Man can that guy talk!

I had the good fortune as a student to have some very enthusiastic, engaging teachers.  One in particular lead me to explore writing and public speaking in ways that I probably would not have if I hadn’t met and looked up to her.  All these years later I find that my experience at that point in my life has allowed me to do some very interesting things, particularly related to standing up in front of large groups of strangers and speaking at length about things that interest me.

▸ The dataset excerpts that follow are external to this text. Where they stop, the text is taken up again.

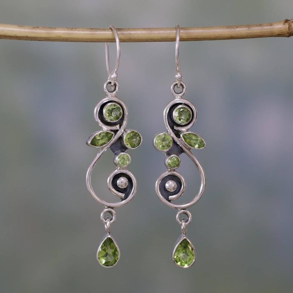 Peridot on Sterling Silver Floral Earrings Artisan Jewelry 'Verdant Vine' Item ID: 2671794661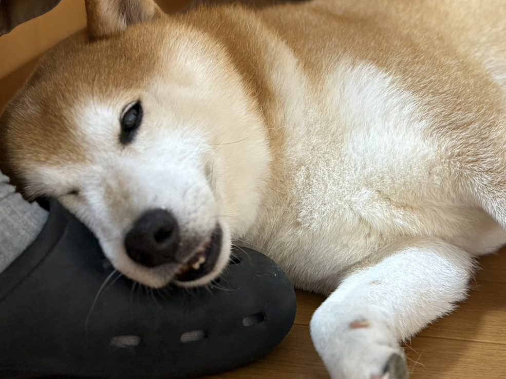 ↑クロックスを枕代わりにウトウトしているMちゃん💤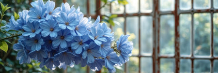 Blue flowers blooming in rustic greenhouse with sunlit windows. That the image is generated using AI.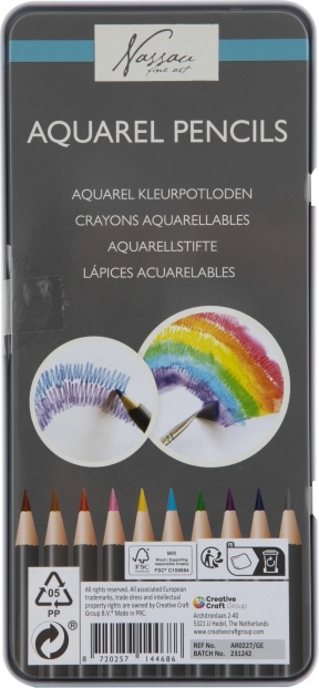 Acest set de creioane acuarelabile îmbină ce e mai bun din două lumi: desenul precis cu creionul uscat și efectele picturii în acuarelă. Motivul desenat se poate estompa ușor cu o pensulă umezită, obținând un aspect acvarelat impresionant fără a avea nevoie de culori clasice.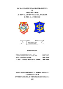Rosalina, Nana, Tanjaya, Fitriana Dewi and Soekamto, Patrice Febyani (2025) Laporan praktik kerja profesi apoteker di Puskesmas Mojo Jl. Mojo Klanggru Wetan II/11, Surabaya 28 Juli – 23 Agustus 2025. Project Report (PKL, PKIPP, Magang D3, Praktik Kerja Profesi Apoteker, Profesi Guru, Profesi Ners dan Profesi Insiyur). Faculty of Pharmacy, Surabaya. (Submitted)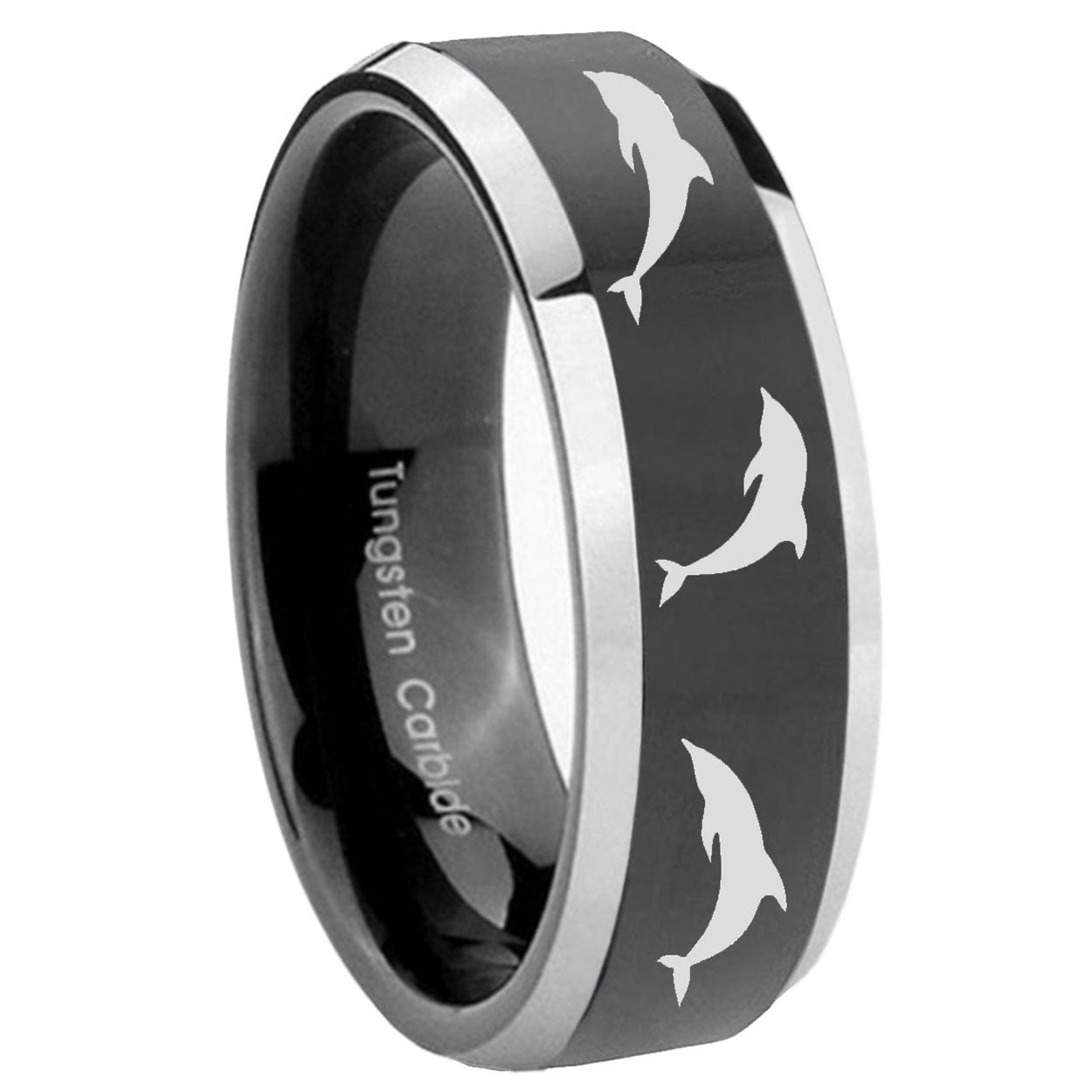 5, 8mm Dolphins Beveled Edges Glossy Black 2 Tone Tungsten Mens Wedding Band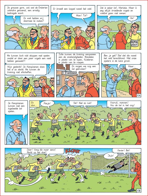Maurice koopt op een dag een bombardon en begint te oefenen op het instrument, tot ongenoegen van Pascale en de Kampioenen. Pascale raadt hem aan een andere hobby te zoeken. Tijdens een training van de Kampioenen ontdekt Maurice dat er een zeldzame vogel een nest gemaakt heeft aan de rand van het veld. Hij maant de Kampioenen aan om voortaan in alle stilte te oefenen, zonder bal, zolang de jonge vogeltjes het nest niet hebben verlaten. Vanaf dat moment verdiept Maurice zich in de ornithologie en is hij niet meer weg te slaan uit het Gemene Teutbroek, het natuurdomein van de gemeente. Tijdens een van zijn tochten ziet Maurice dat Fernand illegaal zit te vissen in de vijver van het domein. Fernand ziet er niet gezond uit. En er is meer aan de hand...

This weekend, in fact, I’m leading a hands-on clinic/lecture at the home of one of Bangor’s most interesting small businesses, Central Street Farmhouse.  This will mark the third year I’ve been invited to lead a ‘Square Foot Gardening’ class in the CSF Pocket Park, a beautiful little spot that the owners, Zeth and Betsy Lundy, have reclaimed from the depths of disrepair and turned into a haven for brewers, gardeners and passersby alike.

The class will begin at 9 am. in the pocket park adjacent to Central Street Farmhouse.  You can learn more about the class by visiting the CSF Facebook page.  Hopefully, you’ll visit the page, check it out and have your smart phone remind you that you need to be at Central Street Farmhouse at 9 am on Saturday May 10th.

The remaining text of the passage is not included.